Added Borges: “(Robinson’s) still learning all of the little nuances of the offense, and in a pressure packed game like that, with a lot of stuff going on, it’s easy to forget about the little things.”

It didn’t help that the running game was non-existent thanks to a less than ideal push up front combined with a stout Notre Dame 3-4 defense. Three running backs combined for 10 yards on the night.

Like Robinson through the air, there was no rhythm on the ground.

Had Michigan not run just 89 plays in its first two games — when the team usually runs 70 per game — Borges would have been more concerned with his running game.

“I’m trying to find something here,” Borges told Hoke in the first half. “I’m trying to find something to get us off.”

Once Michigan fell behind, Borges and Hoke knew it would be hard to get any momentum with their running backs. So it was up to Robinson, and specifically, his arm.

“We sputtered so bad in the first half of the game,” Borges said. “Now, they’re salty on defense — I don’t want to not give them any credit. It became real evident very early in the game, based on the configuration of their defense, that they were not going to let Denard run the ball outside.

“They had that happen to them a year ago. And they were set up that they were going to force him to beat them throwing the ball, or running the ball inside. So you’ve got to take your shots and when you get your opportunities, your bombs have to land.”

Robinson calmed down and figured out his footwork. Then came the bombs — a 43-yard pass to Junior Hemingway in the second quarter, a 77-yard pass to Hemingway in the third, another 45-yard pass to Hemingway in the fourth, a key 27-yard pass to Kelvin Grady, and then the 64-yard toss to a wide-open Jeremy Gallon to set up the game-winning touchdown. In all, Robinson averaged 30 yards per bomb completed.

As he hit more of them, the perimeter opened up and Robinson was able to take off more, finishing with 108 yards on the ground.

“Offensive football is about getting in sync — running repetitive, successful plays, gaining confidence and starting to feel it,” Borges said. “It’s like a hot three-point shooter. He gets one, gets another and the rim starts looking big. Well, the rim didn’t start getting big until the end of the game.”

By then, Borges’s West Coast offense may have been unrecognizable — he now calls it a hybrid, mixing in the spread offense too.

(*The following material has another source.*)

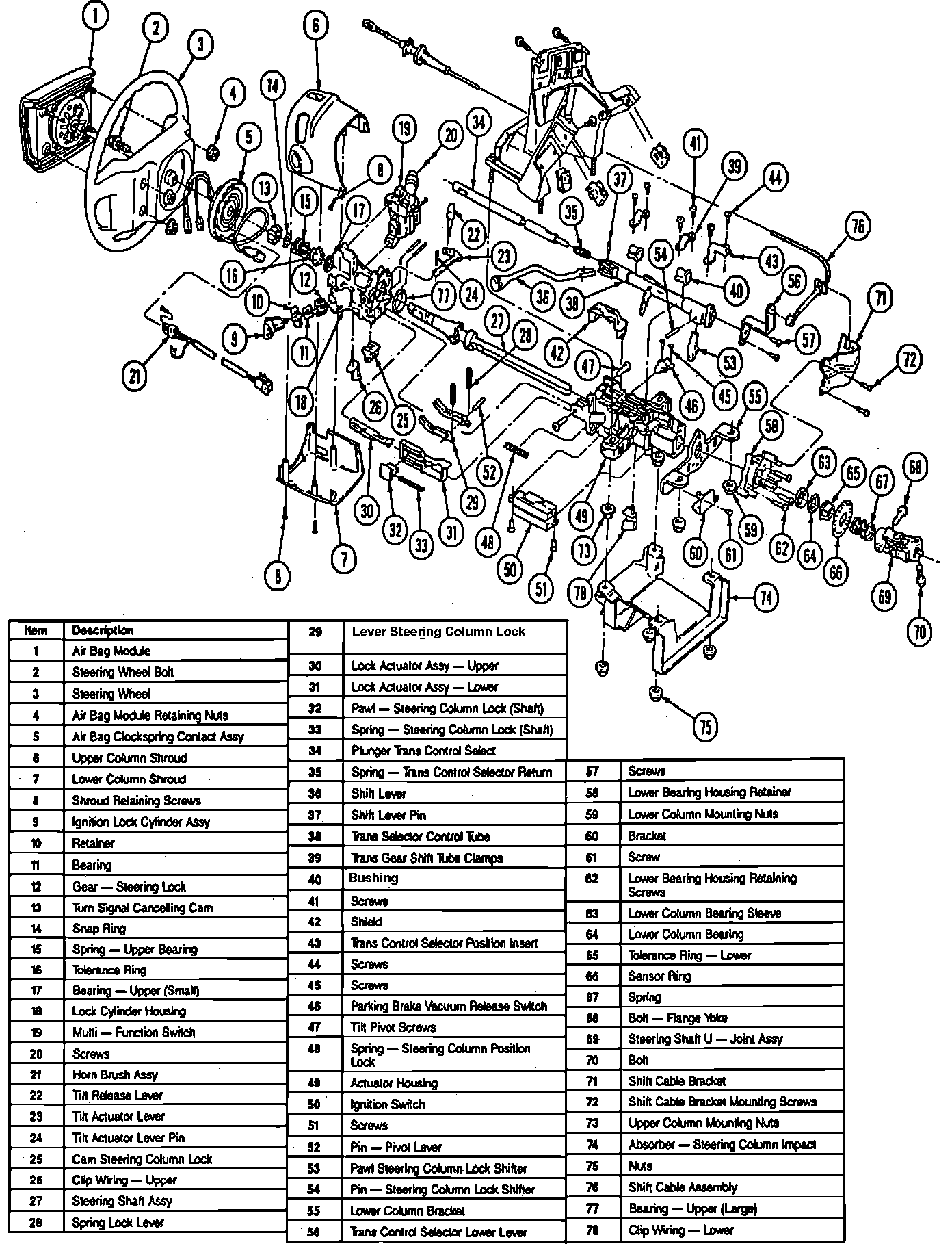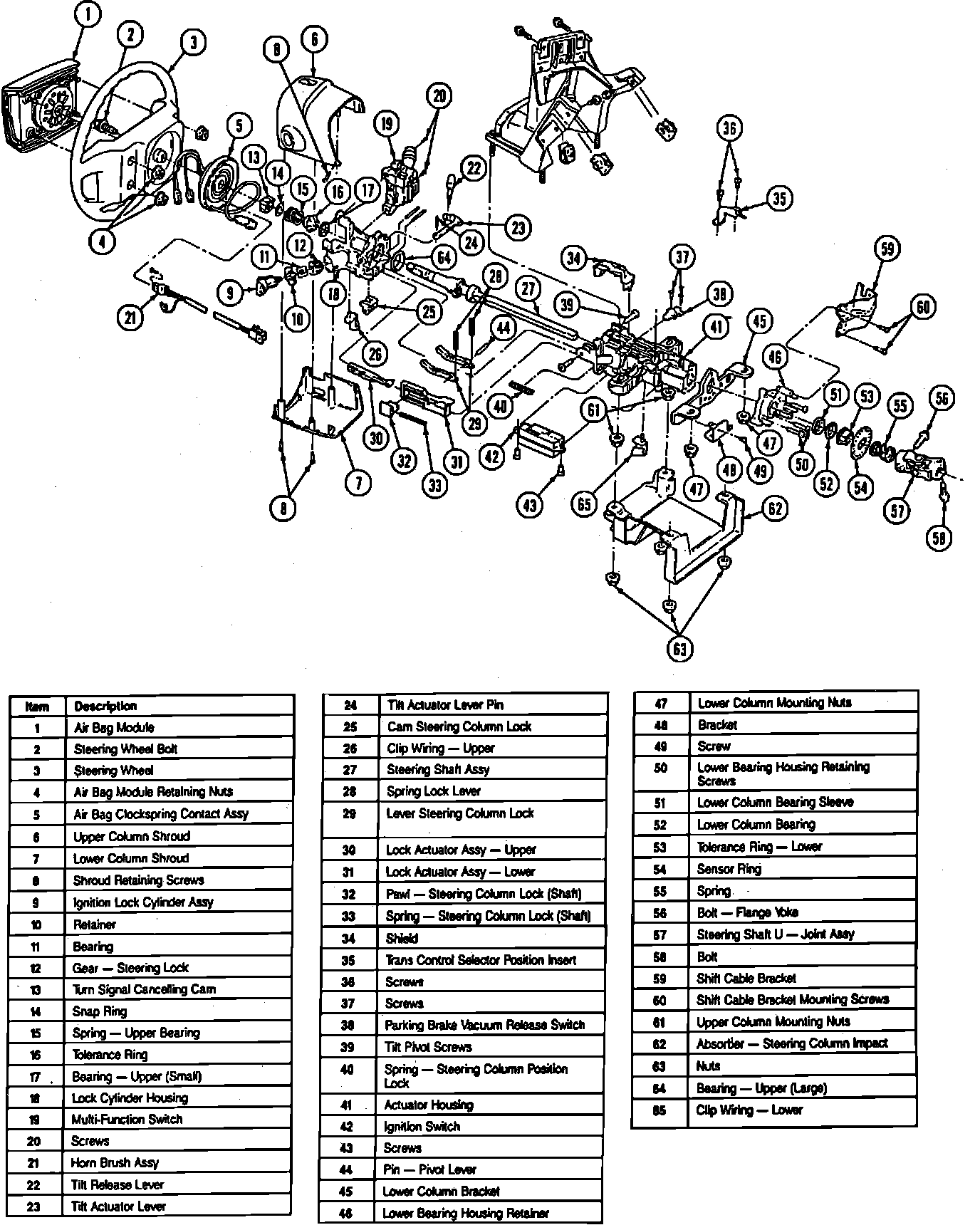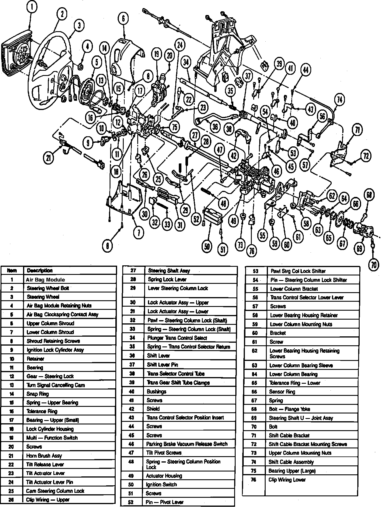 Fig. 4 Exploded View Of Steering Column W/Column Shift:

Borges started calling plays Robinson would be comfortable with, which usually means playing out of the shotgun, where the running backs really couldn’t be featured. So the game turned into Robinson versus the Fighting Irish.

Every person in Schembechler Hall will praise Robinson’s unique ability and, in the same breath, recognize that he alone isn’t enough, saying Michigan can’t win with just one guy.

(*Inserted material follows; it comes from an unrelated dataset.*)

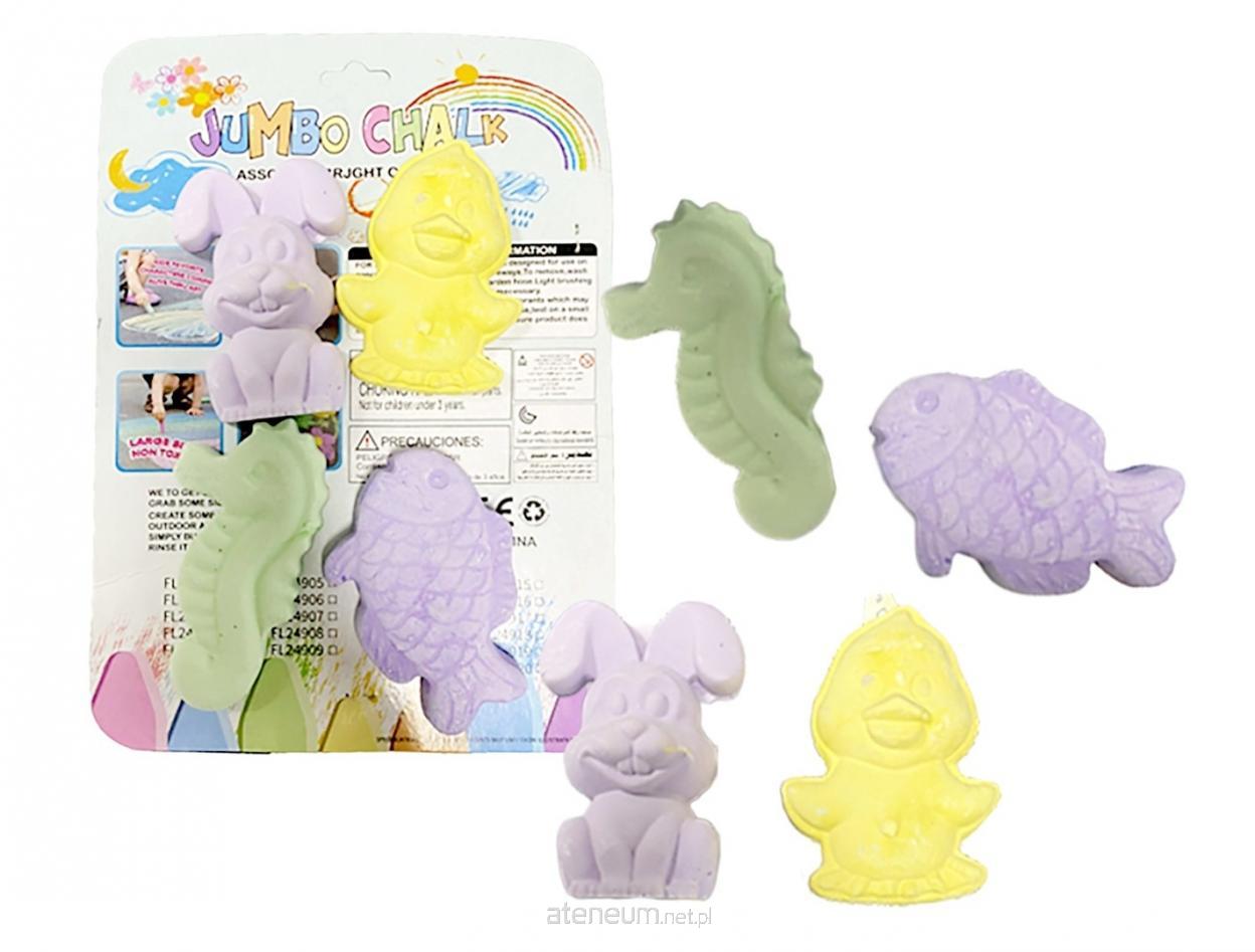 W zestawie: 4 kredy w różnych kolorach i kształtach: zając, kaczka, konik morski, ryba; 3+
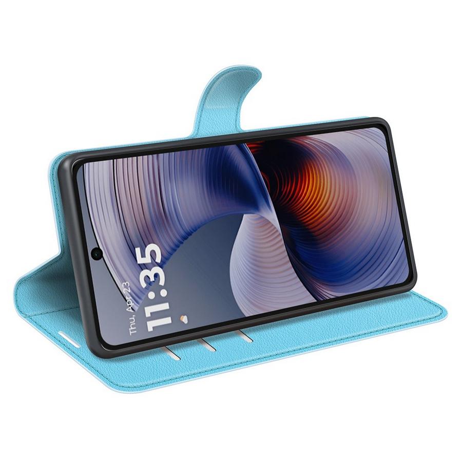 Vaaleasävyisen sininen lompakkokotelo suojaa osumien aiheuttamilta vahingoilta ja sopii Motorola Moto G55 5G puhelimelle.

At times it sounds like this:

“When you have Denard Robinson on your team, 30 seconds is plenty of time to score a touchdown,” said fifth-year senior Ryan Van Bergen of the game’s final drive. “He can run 100 yards in under 10 seconds, so we don’t need to worry about 30 seconds being on the clock.”

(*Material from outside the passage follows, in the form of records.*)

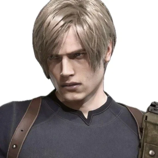 Personagem de jogo com cabelo loiro e expressão séria, vestindo uma camisa azul escura e uma alça marrom, com uma arma…
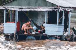 man pouring water from dipper on blue and grey house
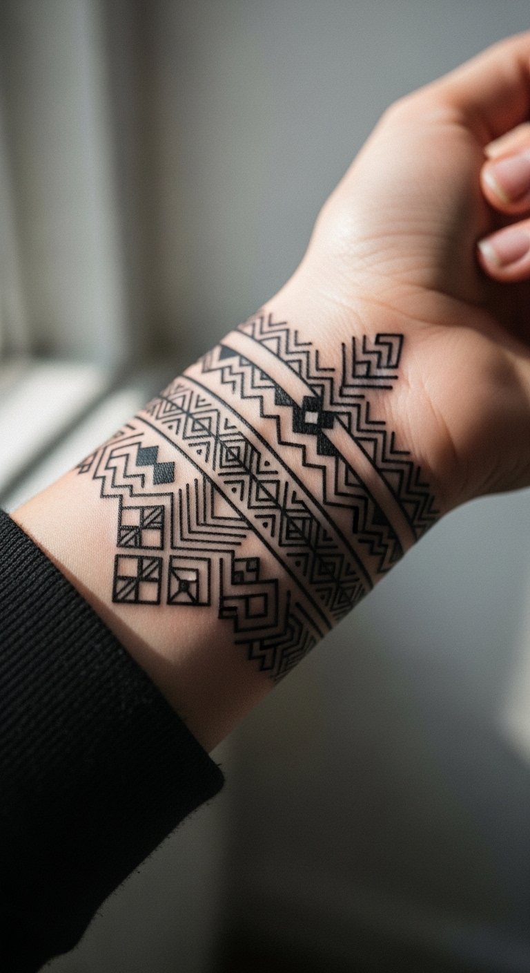 Tribal patterns in blackwork draw from old styles but feel new. Trace a simple band on paper first. This lets you tweak it easily. Look for free tribal inspirations online. Place it on your arm for a strong statement. Use markers to experiment at home. Add your own lines for personalization. Keep it balanced for the best effect. Try drawing it multiple ways. This approach keeps things affordable. It’s great for larger pieces too.
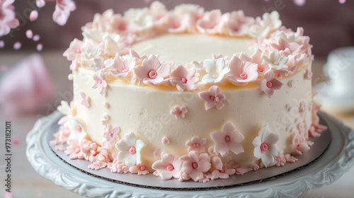 An elegant cake adorned with delicate fondant flowers in pastel tones, placed on a decorative stand
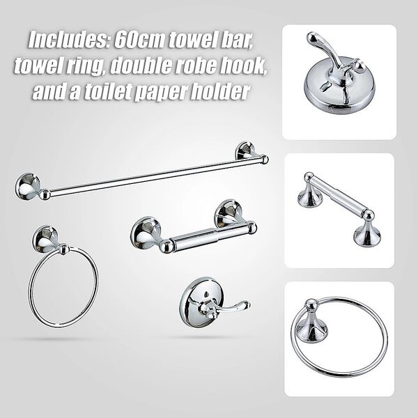 - Includes: 60cm towel bar, towel ring, double robe hook, and a toilet paper holder
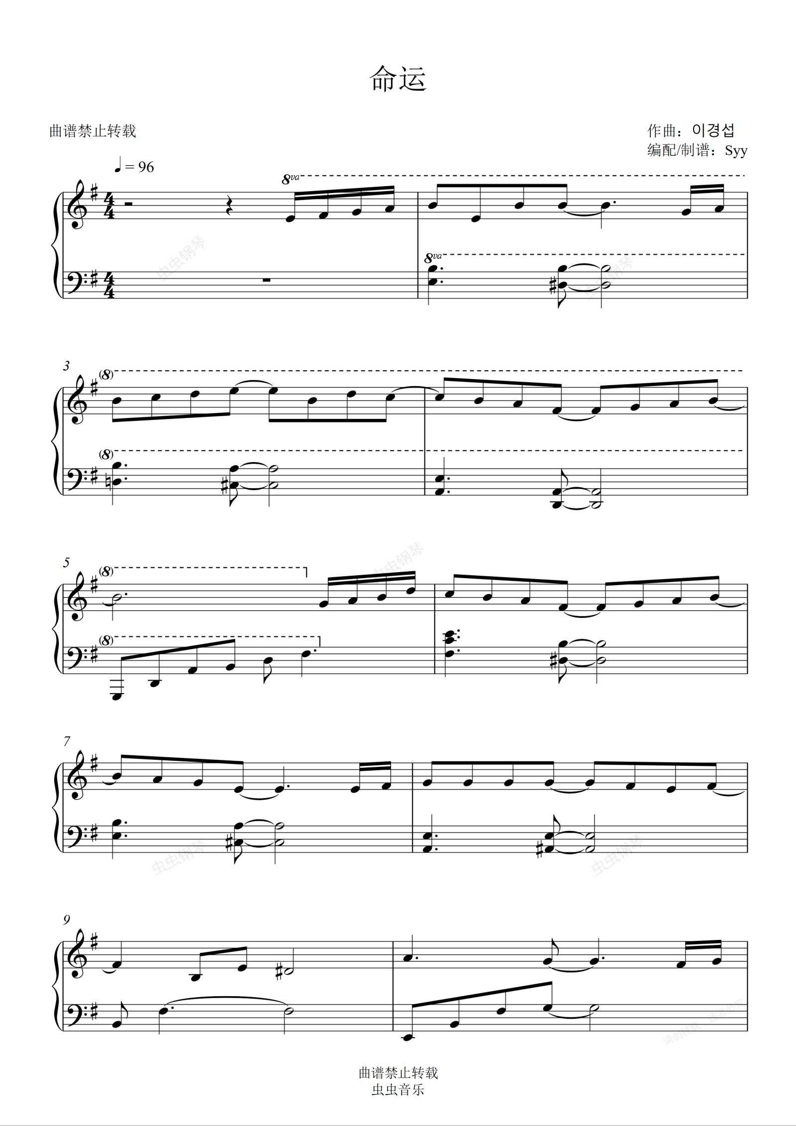 钢琴谱:好听易弹【命运】李景燮《浪漫满屋Full House》OST

But other times, it sounds like this:

“The best teams don’t depend on one player,” Borges said. “Yet, they have that one player that can win for them. I mean, Terry Bradshaw, Franco Harris, John Stallworth, Joe Montana, Jerry Rice.

“There’s never been one guy. There’s always been — someone else has to do something. I worry a little bit about that. But I know when push comes to shove, I want the ball in his hands.”

That hasn’t changed. The offense has. But just like last year, the question persists: who can be counted on to help Robinson?

Robinson started slowly, made some mistakes in the middle and was near perfect at the end. The three interceptions really bother Borges.

When Hoke was asked whether Robinson’s game was categorized as good or bad, he said both, saying Robinson saved the game but made bad decisions at times.

Ultimately, Borges did find out what kind of quarterback Robinson is — a winner, even though it wasn’t pretty.

“As you learn the offense better and understand what you’re doing better, it starts to flow,” Borges said. “Remember when I told you, there’s going to be growing pains in this thing — hopefully they’re not excruciating growing pains. And so far, we’ve had some. … You’ll get to the point that you want to get, if you’re just patient.

“And I think I’m talking to me more than I’m talking to you.”